▸ About this exercise: Each line below is to be copied exactly; images do not go into the copy.

━━ Provided information

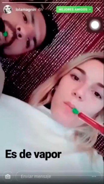 Se trata de un Storie que subió a Instagram la propia Magnin, en la que se los ve a ambos fumando "shisha" y exhalando el humo entre risas.
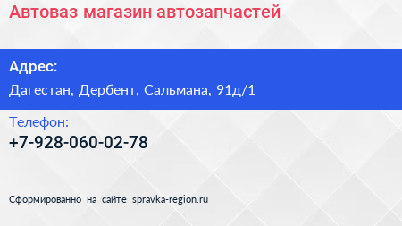 Автоваз, магазин автозапчастей по адресу Дагестан, Дербент, Сальмана, 91д/1 в дальнейшем Организация, размещена в следующих категориях:
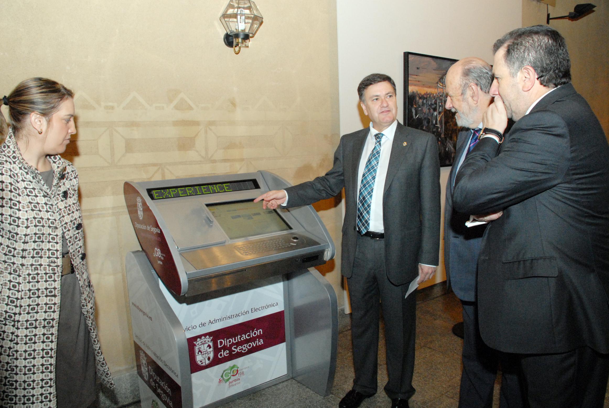 El presidente de la Diputación Francisco Vázquez acompañado por Diputado de Promoción Económica Rafael Casado, presentaron en el zaguán de la Diputación los nuevos monolitos informáticos que acercaran la administración electrónica a los ciudadanos de la Provincia.
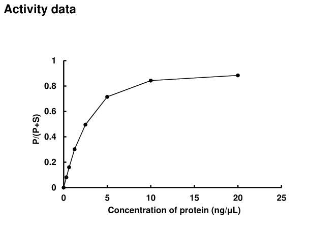| Bio-activity : | The activity was measured by off-chip mobility shift assay(MSA). The enzyme was incubated with fluorecence-labeled substrate and Mg(or Mn)/ATP. The phosphorylated and unphosphorylated substrates were separated and detected by MSA device. |
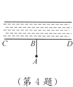 4. 工人计划把河水引到水池A中,他先作河岸CD的垂线AB,垂足为B(如图),然后沿AB开渠,能使所开的渠道最短,这样设计的依据是 .
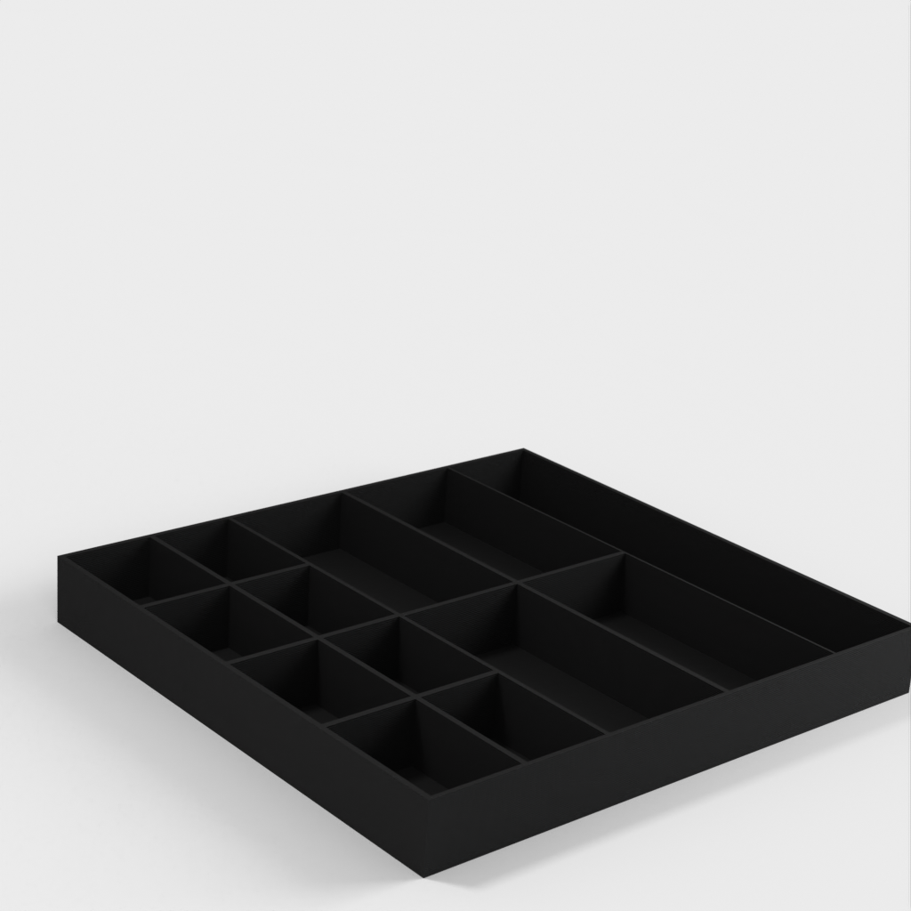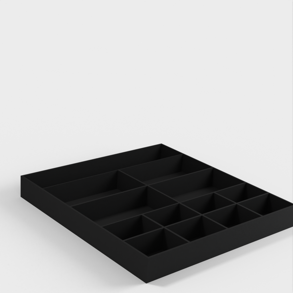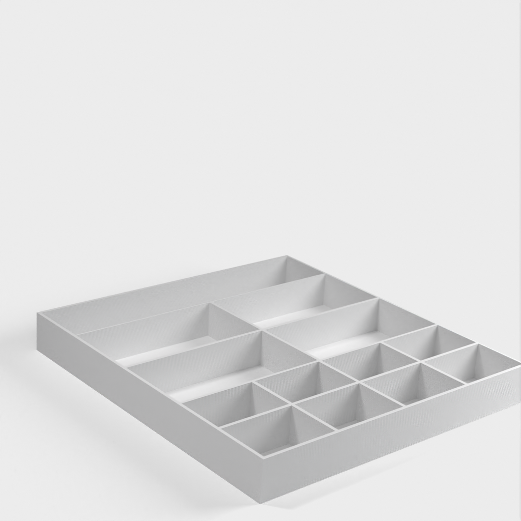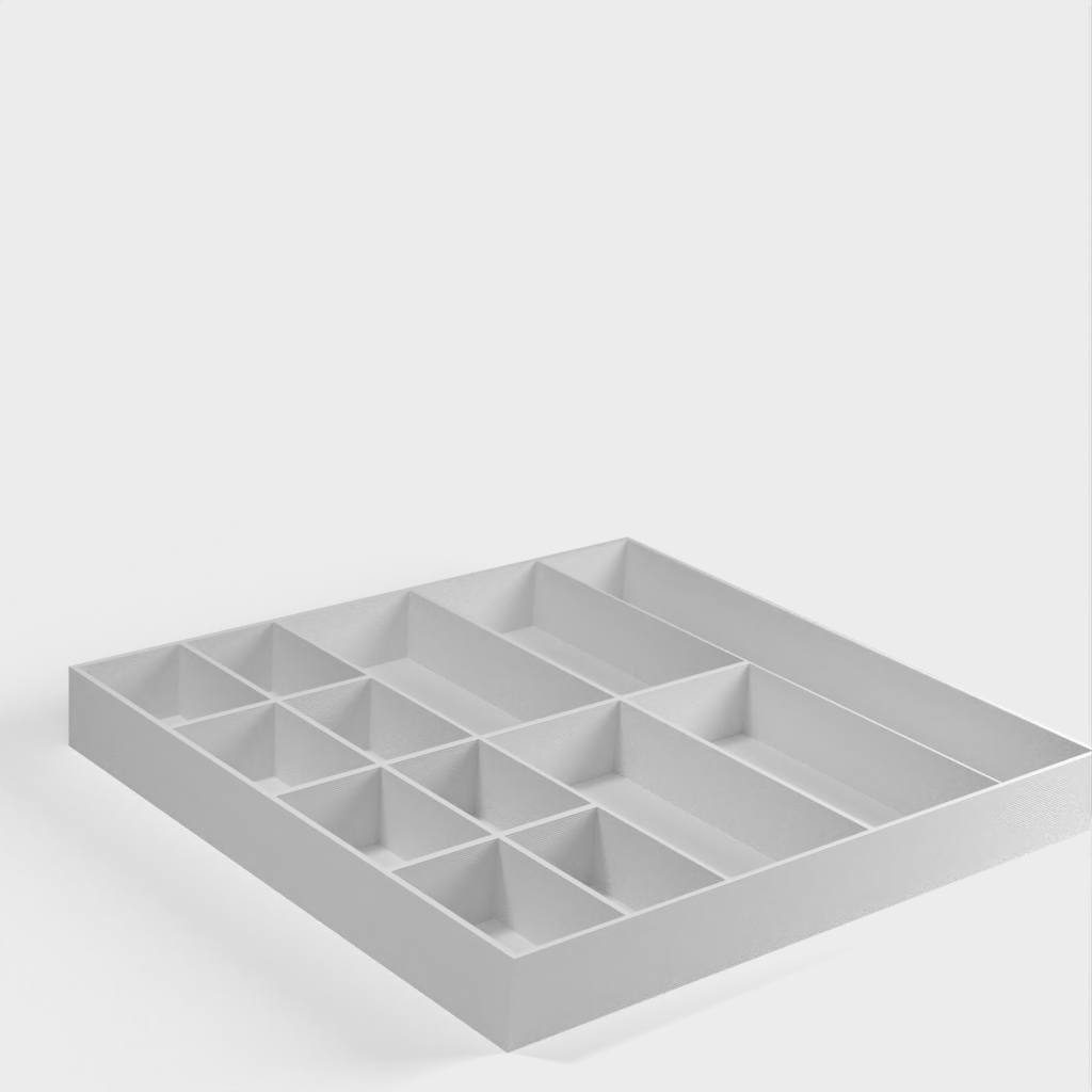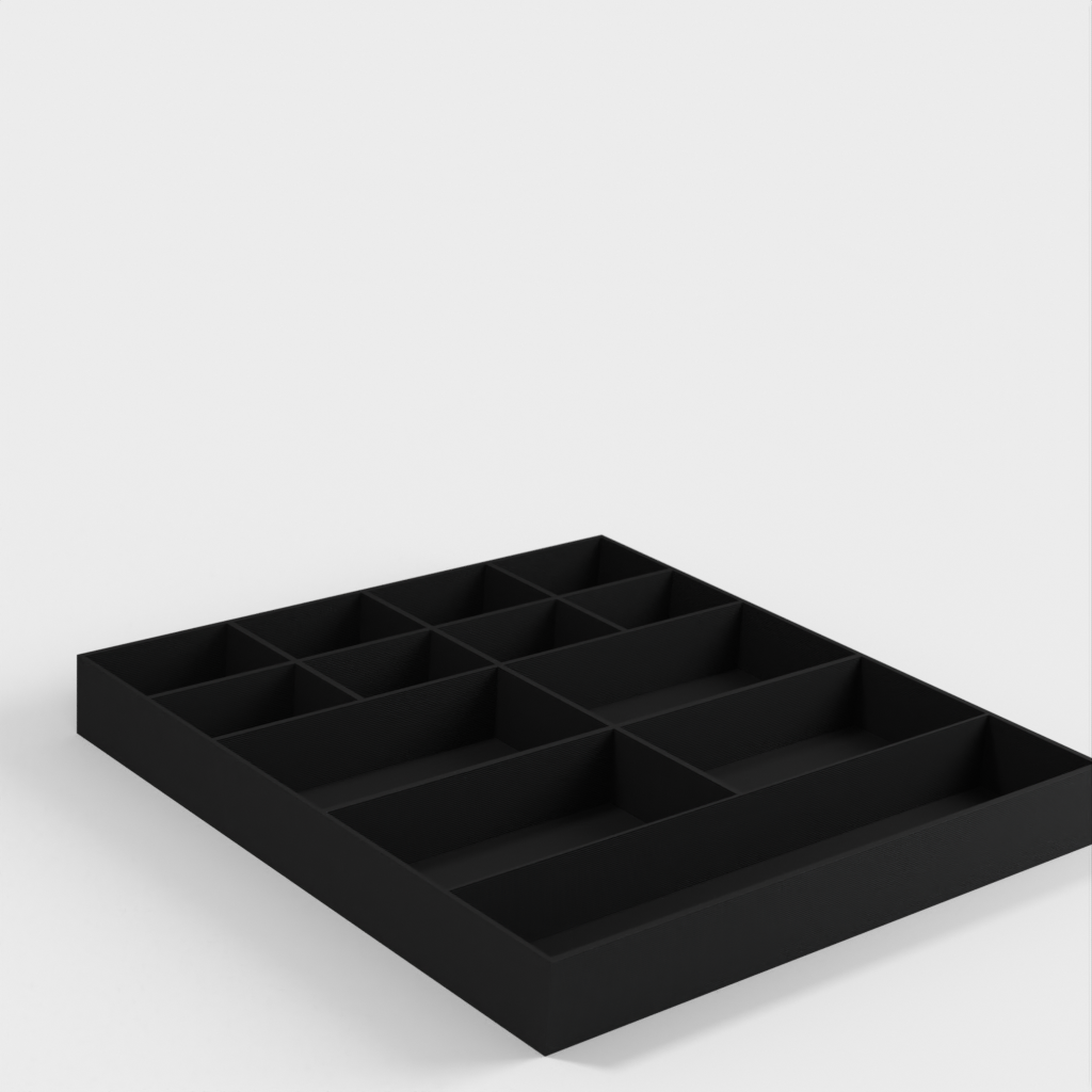 Detta är en lådorganisator designad speciellt för lådor. Det hjälper till att skapa ordning och struktur i dina lådor genom att separera och organisera innehållet på ett tydligt och effektivt sätt. Håll din låda snygg och välorganiserad med denna praktiska byrålåda.

━━━━

▸ Answer:
 Se trata de un Storie que subió a Instagram la propia Magnin, en la que se los ve a ambos fumando "shisha" y exhalando el humo entre risas.
 Автоваз, магазин автозапчастей по адресу Дагестан, Дербент, Сальмана, 91д/1 в дальнейшем Организация, размещена в следующих категориях:
 El presidente de la Diputación Francisco Vázquez acompañado por Diputado de Promoción Económica Rafael Casado, presentaron en el zaguán de la Diputación los nuevos monolitos informáticos que acercaran la administración electrónica a los ciudadanos de la Provincia.
| Bio-activity : | The activity was measured by off-chip mobility shift assay(MSA). The enzyme was incubated with fluorecence-labeled substrate and Mg(or Mn)/ATP. The phosphorylated and unphosphorylated substrates were separated and detected by MSA device. |
 4. 工人计划把河水引到水池A中,他先作河岸CD的垂线AB,垂足为B(如图),然后沿AB开渠,能使所开的渠道最短,这样设计的依据是 .
 Detta är en lådorganisator designad speciellt för lådor. Det hjälper till att skapa ordning och struktur i dina lådor genom att separera och organisera innehållet på ett tydligt och effektivt sätt. Håll din låda snygg och välorganiserad med denna praktiska byrålåda.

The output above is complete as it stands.